You can install Kaspersky Security Center Linux on Linux devices by using an answer file to run an installation in silent mode, that is, without user participation. The answer file contains a custom set of installation parameters: variables and their respective values.

Before installation:

• Install a database management system (DBMS).
• Make sure that the device on which you want to install Kaspersky Security Center Linux is running one of the supported Linux distributions.
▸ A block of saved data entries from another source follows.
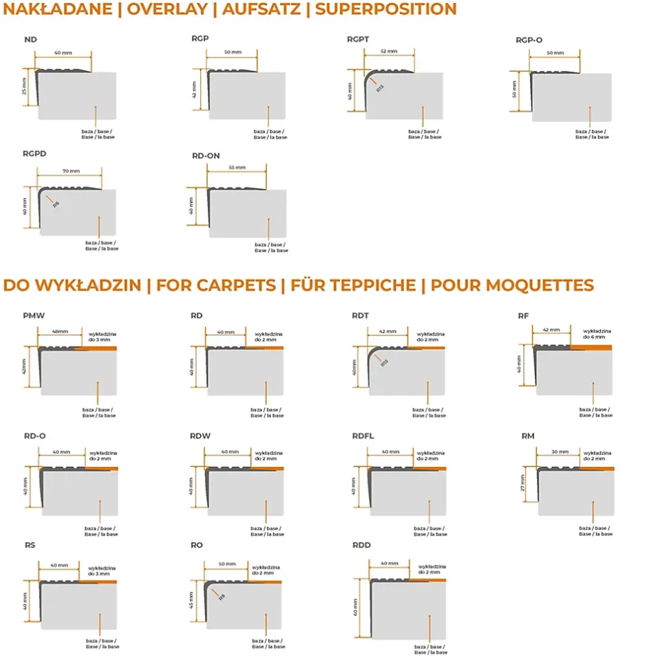 Profil d’escalier avec élément d’avertissement – sécurité et durabilitéProfil d’escalier de haute qualité, conçu pour allier sécurité et esthétisme. Grâce à son élément d’avertissement intégré en jaune et à sa surface rainurée, il minimise les risques de glissade et de chute, garantissant une utilisation confortable. Fabriqué à partir d’un mélange spécial de PVC, il offre une résistance élevée aux dommages mécaniques et une longue durée de vie sans entretien. Idéal pour les marches à bord droit, il est également compatible avec le système d’escalier QuestProfile.L’installation du profil est extrêmement simple et ne nécessite aucun outil spécifique. Grâce à son adhésif intégré, il suffit de nettoyer et de lisser la surface de l’escalier avant de presser fermement le profil sur la marche. En cas de basses températures, il est recommandé de le chauffer légèrement avec de l’air chaud avant la pose. Ce profil n’est pas adapté aux revêtements de moquette, mais il convient parfaitement aux surfaces dures.Avec son design esthétique et sa large gamme de couleurs, ce profil s’intègre facilement dans différents styles d’intérieurs. Sa structure rainurée spécialement conçue améliore l’adhérence et facilite le nettoyage. De plus, il est flexible et possède une « mémoire de forme », assurant un ajustement optimal aux marches. Enfin, son emballage robuste protège le produit pendant le transport pour une livraison en toute sécurité.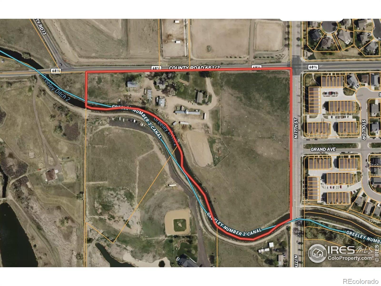 Nearly 17 acres of development land in the growing community of Windsor.The property is zoned Residential Mixed Use 1.The site could be ideal for a church or school as well as other development options on the corner of WCR 68 1/2 and 17th St, bordering Greeley #2 canal to the south.There is a main home and two additional manufactured homes along with 3 utility and out buildings.House 2 bd 1 ba 1376 Sq ft.Manufactured Home 1980 1680 Sq ft. Manufactured Home 1988 1056 Sq ftUtility Bldg, 2048 Sq ft.Out building # 960 Sq ft. Out building #2 1584 Sq ft.16.69 Deeded Acres: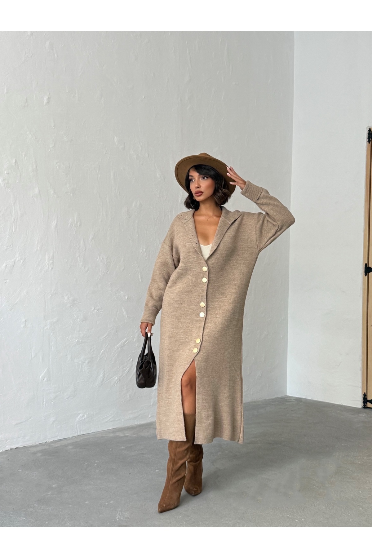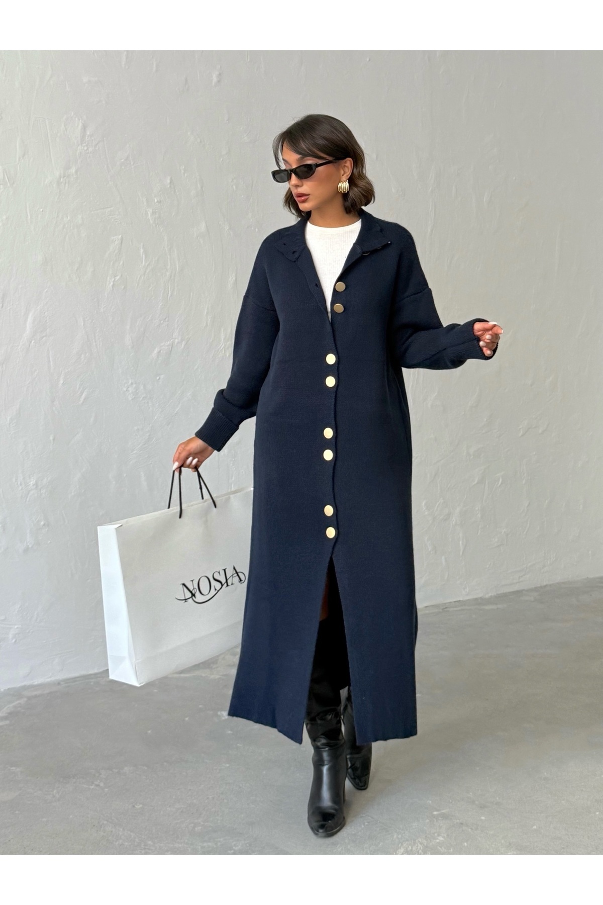 Gold Düğme Detaylı Maxi Boy Triko Hırka Gold Düğme Detaylı Maxi Boy Triko Hırka 00003254 Standart

To install Kaspersky Security Center Linux in silent mode:

1. Read the End User License Agreement. Follow the steps below only if you understand and accept the terms of the End User License Agreement.
2. If your device runs on Astra Linux 1.8 or later, do the actions described in this step. If your device runs on a different OS, proceed to the next step.
   1. Create the /etc/systemd/system/kladminserver_srv.service.d directory and create a file named override.conf with the following content:

      [Service]

      User=

      User=ksc

      CapabilitiesParsec=PARSEC_CAP_PRIV_SOCK

      ExecStart=

      ExecStart=/opt/kaspersky/ksc64/sbin/klserver -d from_wd

   2. Create a directory /etc/systemd/system/klwebsrv_srv.service.d and create a file named override.conf with the following content:

      [Service]

      User=

      User=ksc

      CapabilitiesParsec=PARSEC_CAP_PRIV_SOCK

      ExecStart=

      ExecStart=/opt/kaspersky/ksc64/sbin/klcsweb -d from_wd

3. Create a group 'kladmins' and an unprivileged account 'ksc', that must be a member of the 'kladmins' group. To do this, sequentially run the following commands under an account with root privileges:

   # adduser ksc

   # groupadd kladmins

   # gpasswd -a ksc kladmins

   # usermod -g kladmins ksc

4. Create the answer file (in TXT format), and add a list of variables in the VARIABLE_NAME=variable_value format to the answer file, each one in a separate line. The answer file should include the variables listed in the table below.
5. Set the value of the KLAUTOANSWERS environment variable in the root environment containing the full name of the answer file including the path, for example, with the following command:

   export KLAUTOANSWERS=/tmp/ksc_install/answers.txt

6. Run the Kaspersky Security Center Linux installation in silent mode—depending on your Linux distribution, run one of the following commands:
   • # apt install /<path>/ksc64_[version_number]_amd64.deb
   • # yum install /<path>/ksc64-[version_number].x86_64.rpm -y
7. Create a user to work with Kaspersky Security Center Web Console. To do this, run the following command under an account with root privileges:

   /opt/kaspersky/ksc64/sbin/kladduser -n ksc -p <password>, where the password must contain at least 8 characters.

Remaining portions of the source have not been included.